O desconforto é sem dúvida acentuado pelo seguinte facto: os escritores portugueses não são cientistas de formação, e muito menos de profissão. O mais aproximado disso será um médico ou outro (João Aniceto). Pelo que a especulação da hard sf, das ditas ciências duras que implicam matemática e experimentação - as astrofísicas, a bioquímica -, não exista pura e simplesmente no nosso país (e de facto não me estou a lembrar de nenhum livro ou conto português que tenha por temática central uma especulação científica inovadora - ou seja, aqui não encontra um Greg Egan ou mesmo um Greg Bear).
Mas mesmo a noção de utilizar a História de Portugal para criar ficções fantásticas ou alternativas - a dita História Alternativa, na qual se investiga o que teria acontecido se um ou outro evento determinante do passado ocorresse de forma diferente - é bastante recente. Há poucos anos, surgiu por alturas do 25 de Abril, um conjunto de romances em que se especulava o que teria acontecido em caso da não ocorrência do dito em 1974. Eram romances constrangedores, mal escritos e com uma análise história insipiente. Mas aconteceram.

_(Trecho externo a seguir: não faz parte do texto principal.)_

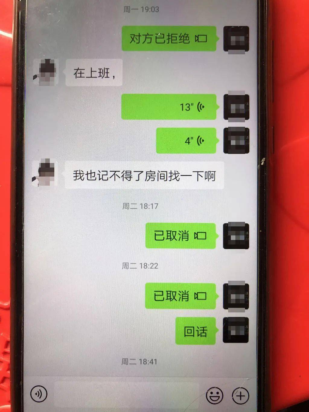 9月6日19时许,方某某和妹妹的聊天。 几乎是同一时间,9月6日18时30分左右,方某某的爸爸也收到了方某某发来的微信文字,称要家里的银行卡。方某某的爸爸以为,可能是孩子发工资了,要把钱打到银行卡,就让自己的弟弟找银行卡。 微信聊天记录显示,当日19时许,方某某的三叔没找到银行卡,给方某某打去微信视频电话,遭拒接。随后,方某某回复文字:“在上班”。之后,方某某的三叔给她语音留言,方某某用文字回复称,“我也不记得了,房间找一下啊”。

Saramago iria contribuir (inadvertidamente?) "quase" para o cenário da História Alternativa., com a História do Cerco de Lisboa, na qual, pretende estudar o que poderia ter acontecido durante a conquista de Lisboa por D. Henriques aos mouros se os cruzados que o acompanhavam se tivessem recusado a enveredar na batalha. A história é desenvolta e bastante gráfica na descrição da época, promete ser interessante mas... Saramago acobarda-se e faz a maior parte dos cruzados arrepender-se e voltar para trás. E pronto, acontece tudo como teria de acontecer. Assim se estraga um romance.
O mito de D. Sebastião é finalmente abordado em romance por Maria Moura-Botto, em O Regresso de D. Sebastião. Um livro desigual, mas uma experiência, mesmo assim interessante.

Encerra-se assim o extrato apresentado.